A esclerose múltipla (EM) é amplamente conhecida como uma doença autoimune em que o corpo ataca a bainha protetora de mielina que envolve as fibras nervosas. No entanto, um estudo inovador publicado na Nature revela um mecanismo mais profundo e insidioso que conduz a fase mais debilitante da doença: a morte de células cerebrais específicas que sustentam a cognição humana.
Os investigadores identificaram porque é que certos neurónios são exclusivamente vulneráveis à EM, descobrindo uma falha biológica que pode explicar porque é que os tratamentos actuais não conseguem parar o declínio cognitivo e o encolhimento do cérebro em fases progressivas da doença.
O custo oculto de ser humano
O estudo se concentra em um grupo específico de neurônios conhecidos como células CUX2, localizados na camada mais externa do córtex cerebral. Estas células são essenciais para funções cognitivas complexas, como o raciocínio e o processamento da memória – características que distinguem a inteligência humana da de outros mamíferos.
Embora essas células sejam essenciais para o pensamento de alto nível, elas apresentam uma compensação biológica. Durante o desenvolvimento inicial do cérebro, os neurônios CUX2 se multiplicam a uma taxa excepcionalmente rápida. Essa velocidade, no entanto, aumenta a probabilidade de danos ao DNA se acumularem dentro das células.
Para sobreviver a esse estresse de desenvolvimento, essas células dependem de um “kit de reparo” especializado, impulsionado por uma proteína chamada ATF4. Esta proteína inicia a resposta de reparação do ADN, evitando danos catastróficos à medida que os neurónios amadurecem. Sem ATF4, estas células não conseguem suportar o seu rápido crescimento e morrem.
Quando o mecanismo de reparo falha
A descoberta crítica reside no que acontece quando estas células já estressadas encontram a inflamação da esclerose múltipla.
Em cérebros saudáveis, o sistema de reparação mediado pelo ATF4 mantém os danos no ADN sob controlo. Contudo, em pacientes com EM, a inflamação crónica sobrecarrega este sistema. Os pesquisadores descobriram que:
* Maiores danos ao DNA: O tecido cerebral de pacientes com esclerose múltipla mostrou níveis significativamente elevados de danos ao DNA nas camadas onde residem os neurônios CUX2, em comparação com cérebros saudáveis.

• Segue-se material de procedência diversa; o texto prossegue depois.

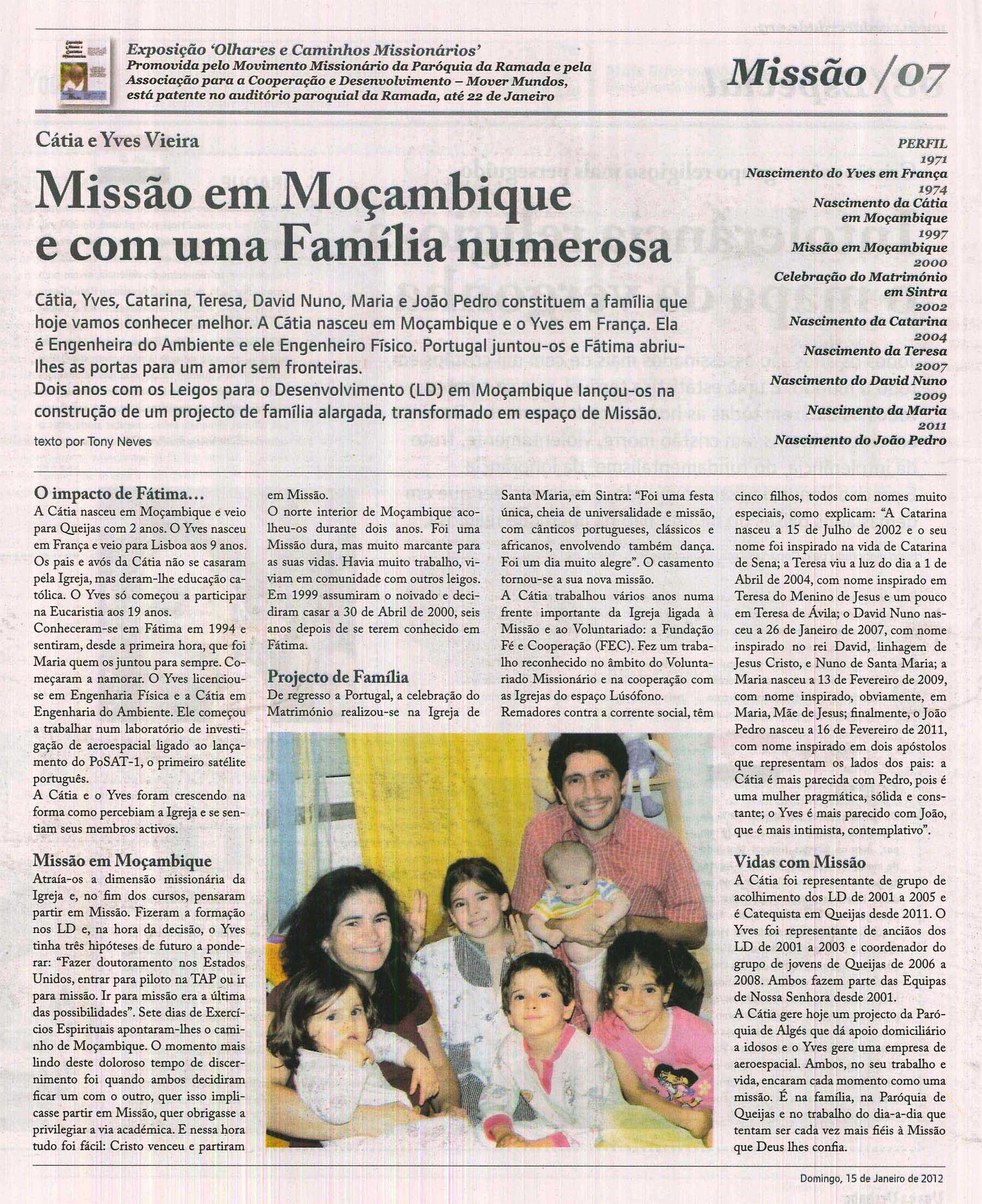 A Cátia nasceu em Moçambique e o Yves em França. Ela é Engenheira do Ambiente e ele Engenheiro Físico. Portugal juntou-os e Fátima abriu-lhes as portas para um amor sem fronteiras. Dois anos com os Leigos para o Desenvolvimento em Moçambique lançou-os na construção de um projecto de família alargada, transformado em espaço de Missão. Hoje, são pais de cinco filhos e ainda têm tempo para colaborarem na nossa Paróquia. Aqui fica o testemunho deste casal ao jornal Voz da Verdade. Bem hajam!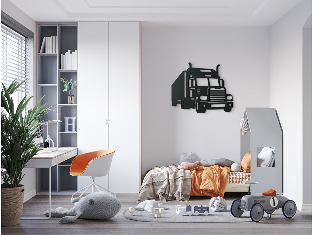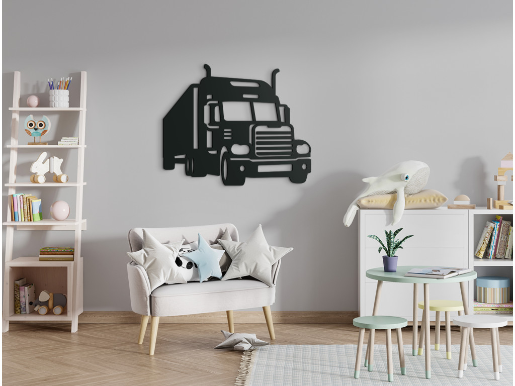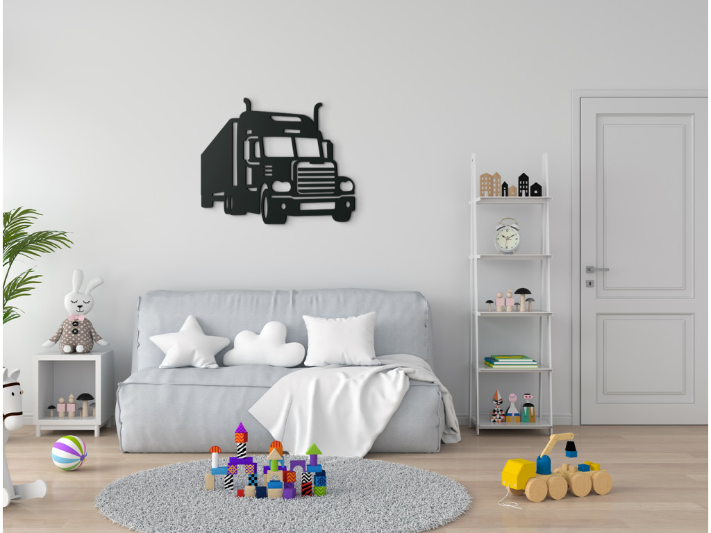 Ak máte doma dieťa, ktoré sa rado hrá s autíčkami, určite ho potešíte touto originálnou nálepkou. Pôsobivá drevená dekorácia znázorňuje tradičný dizajn amerického kamióna. Štýlové vyhotovenie bude v detskej izbe vyzerať pútavo a originálne.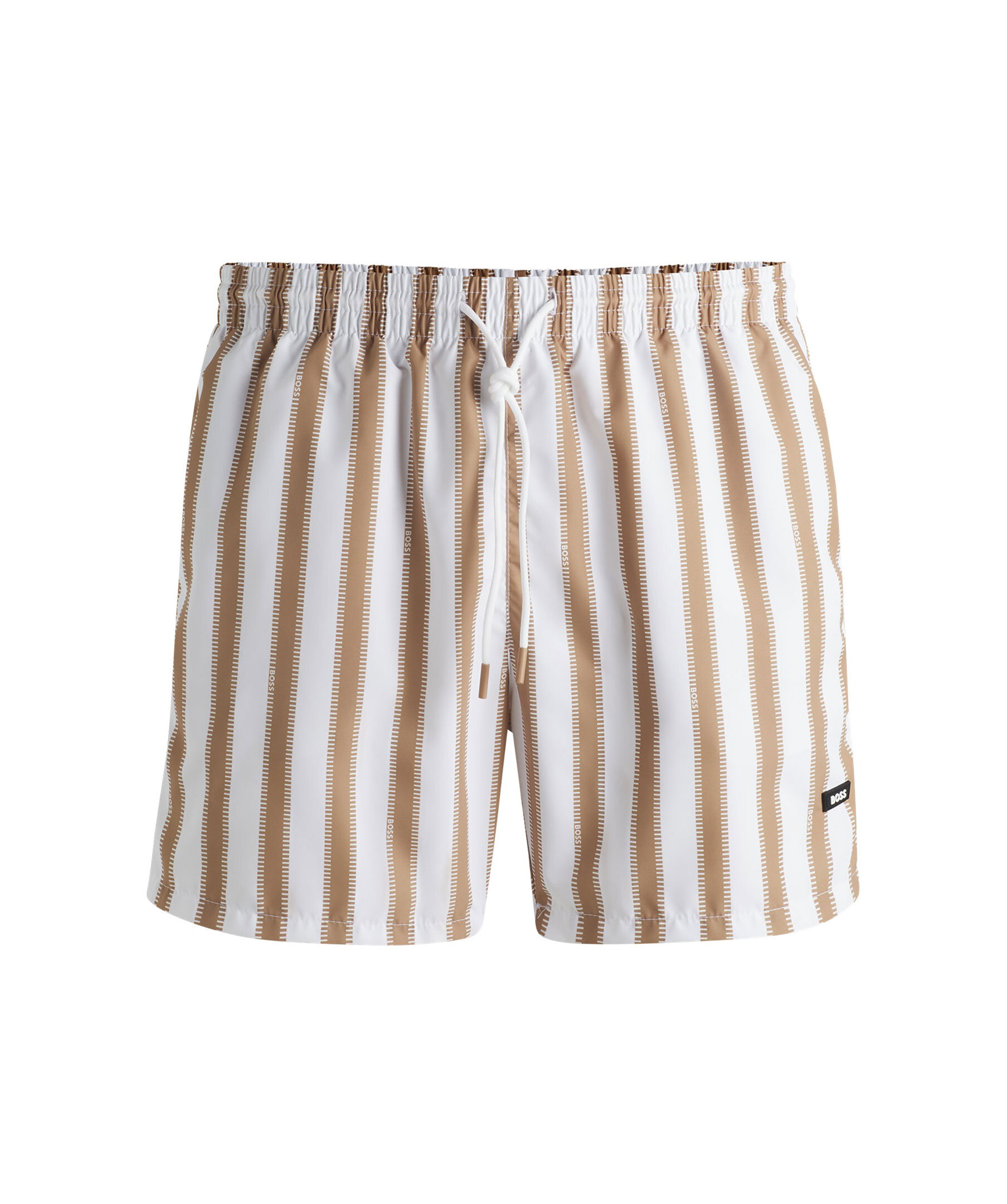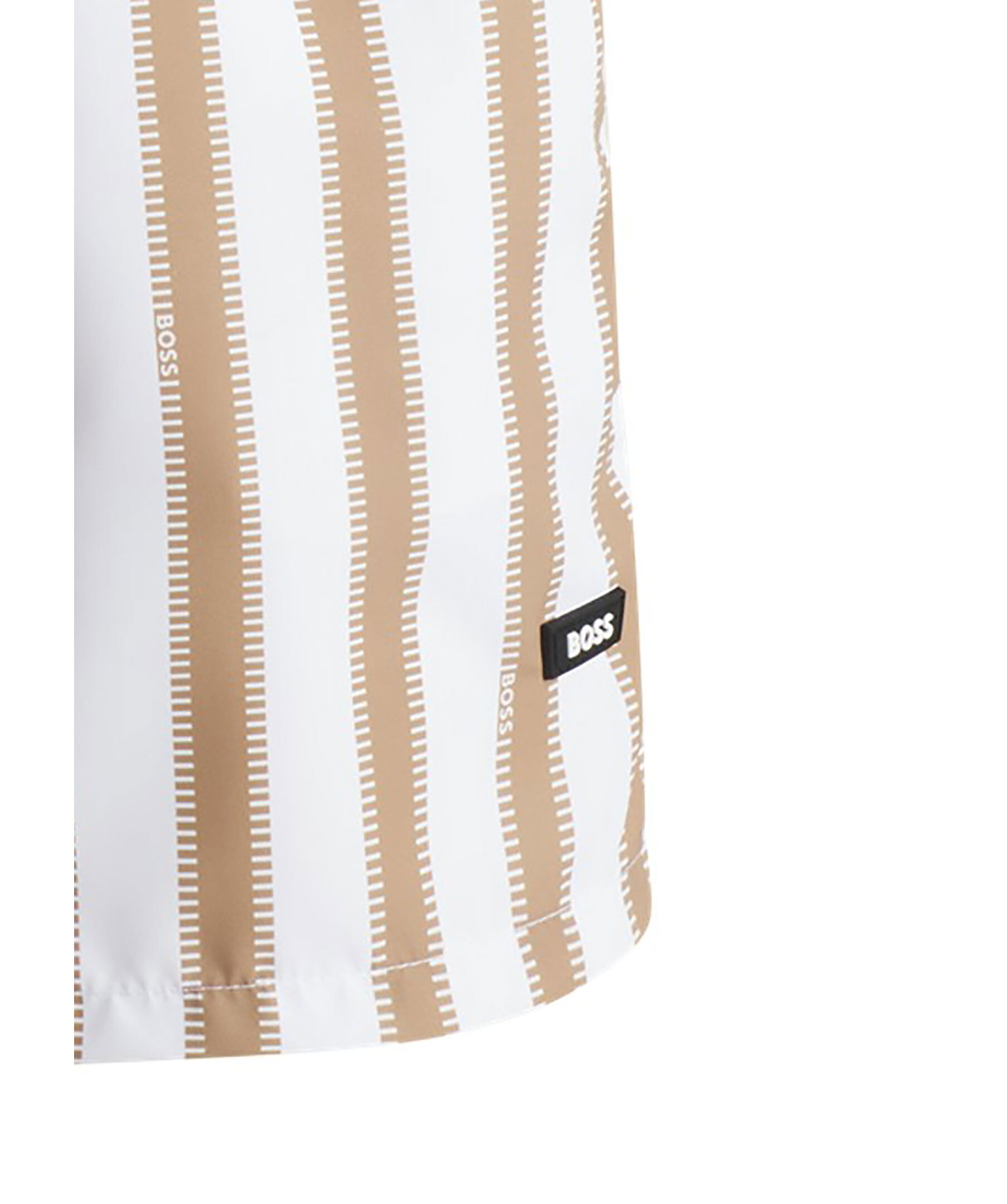 Vita och beigea, randiga och helfodrade badshorts från BOSS Black. Elastisk midja med dragsko. Två sidfickor samt en bakficka. Tillverkade i snabbtorkande polyester.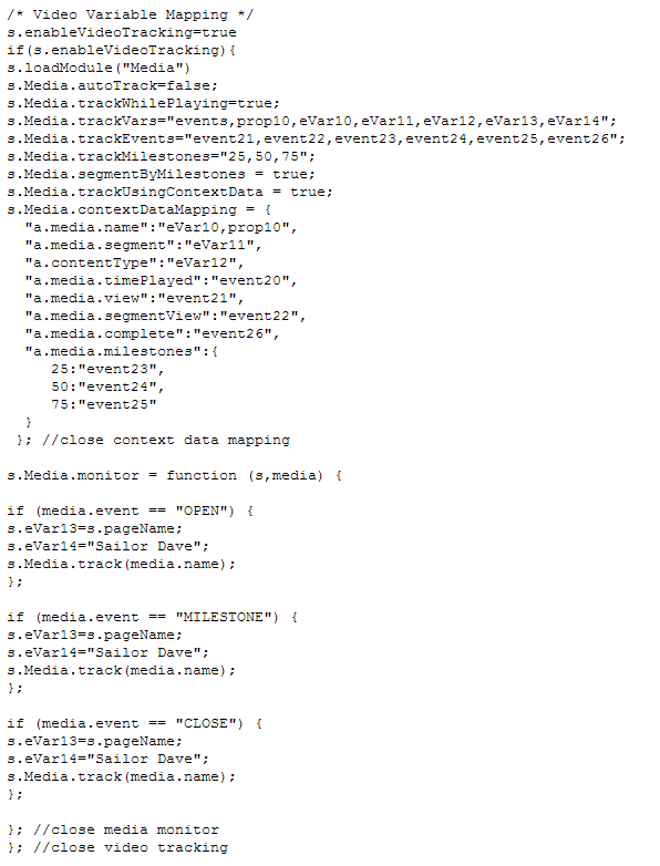 I am not going to cover the measurement plan here, but I strongly encourage you to map out what aspects of video playback you need to capture and select the SiteCatalyst variables you will use before you start modifying your code. A measurement plan will help with implementation and provide documentation into the future.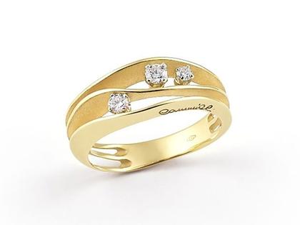 Ring geschwungen, 750/- Gelbgold Yellow Sunrise, 3 Brillanten 0,19 ct TW vsi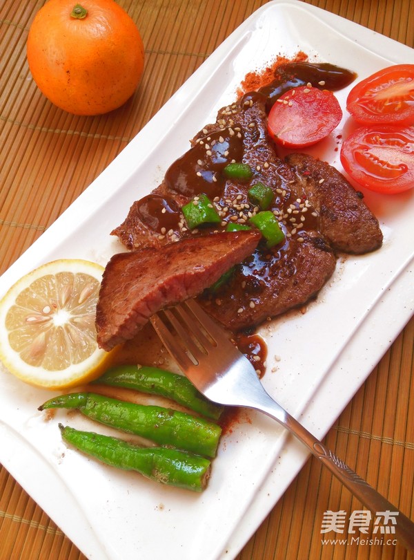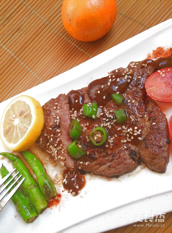 7. 牛排装盘,放尖椒,柠檬片和小番茄(切半)洒上熟白芝麻,辣椒粉和黑椒汁(是买来配好的)。
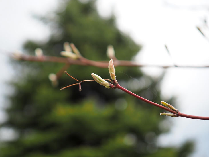 桜の蕾にばかり目が行っていましたが、周りの木の葉も花の蕾のように色づいていました。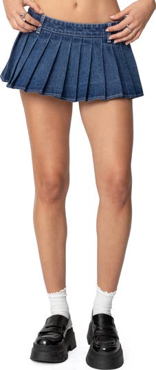 Abundant pleats add plenty of preppy vibes to a nonstretch-denim skort in a flirty mini length.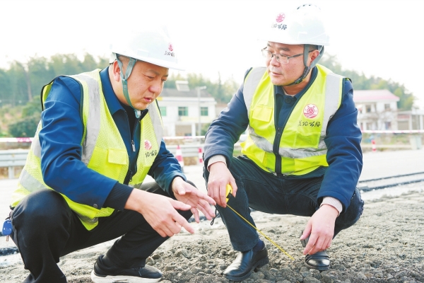 1月6日,国道536桃江段。朔风紧,施工忙。 “碎石大小要合标!”“两台摊铺机并肩走,中间缝不能留!”……益阳市公路建设养护中心工程科科长宋涛的叮嘱声,穿透了机器的轰鸣。他一会儿蹲下,指尖划过刚摊铺的路面;一会儿站立,目光锁住前方的作业带。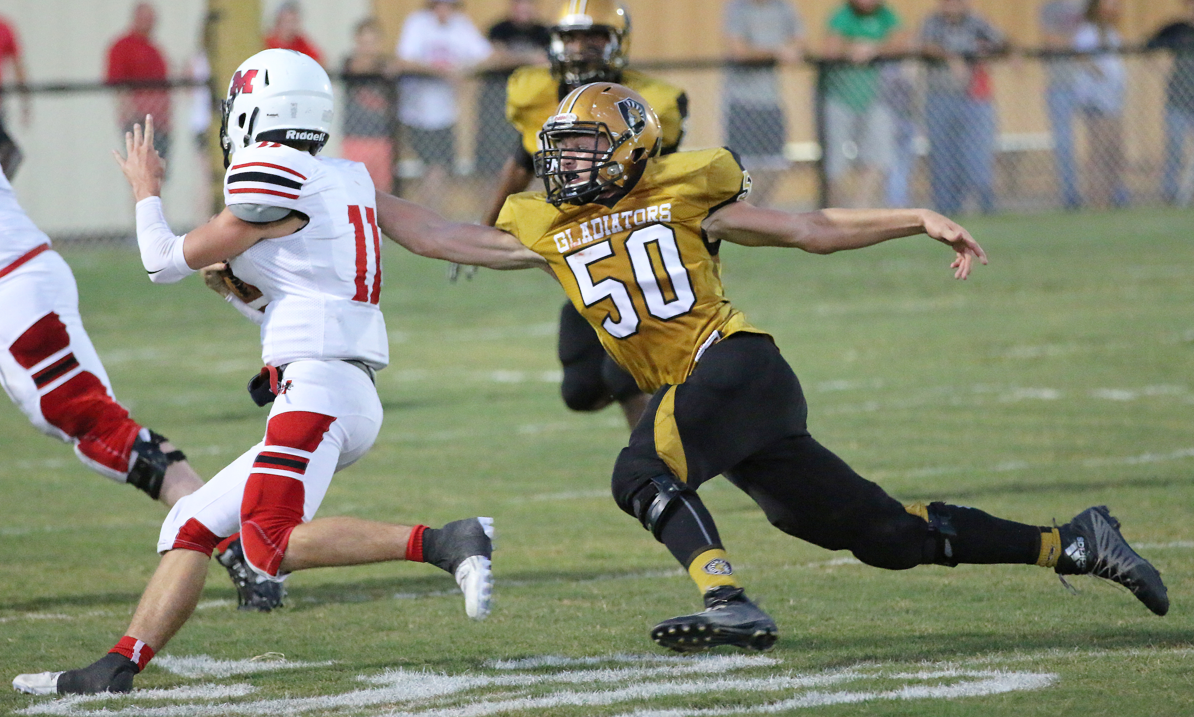 Italy Gladiators show promise under new leadership of AD/HFC David Weaver « previous story album next » Gladiator and sophomore Defensive tackle Clay Riddle(50) helps bring down a Maypearl running back. (Barry Byers) Download original photo

* Colapso Celular: Em camundongos projetados para imitar condições de EM, as células CUX2 morreram especificamente devido a esse dano acumulado no DNA.
* Limiar de Vulnerabilidade: A inflamação causada pela EM empurra essas células além do seu ponto de ruptura. Como já estão sobrecarregados com os riscos do seu rápido desenvolvimento inicial, falta-lhes a resiliência necessária para lidar com o stress adicional de um ataque autoimune.
“Vemos esse tipo de tema consistente de que essas células simplesmente não lidam muito bem com esse estresse extra”, diz David Rowitch, neurocientista do desenvolvimento da Universidade de Cambridge e coautor do estudo.
Um novo alvo para tratamento
Esta descoberta desafia o foco tradicional da investigação da EM. Durante décadas, as terapias tiveram como objetivo principal restaurar a mielina ou suprimir o sistema imunológico para reduzir a inflamação. Embora estas abordagens ajudem a gerir sintomas e crises, não abordam a vulnerabilidade celular subjacente que leva à atrofia cerebral progressiva.
“A descoberta aponta para um novo local para direcionar tratamentos futuros”, observa Rowitch. Atualmente, não existe um tratamento eficaz para a fase progressiva da EM, onde os neurônios morrem e os pacientes apresentam declínios acentuados na memória e no raciocínio.
Don Mahad, neurologista da Universidade de Edimburgo que não esteve envolvido na investigação, enfatiza a mudança de perspectiva que este estudo exige. “Isso nos diz que, na verdade, não podemos ignorar essas vulnerabilidades intrínsecas das células nervosas, e isso tem que ser um alvo de tratamento”, diz ele.
Conclusão
A identificação da vulnerabilidade dos neurônios CUX2 oferece um elo perdido crucial na compreensão da esclerose múltipla progressiva. Ao reconhecer que a capacidade de reparação do ADN é tão crítica como a supressão imunitária, os cientistas podem agora explorar terapias concebidas para proteger estas células frágeis de danos internos, potencialmente travando o declínio cognitivo que atualmente define as fases posteriores da doença.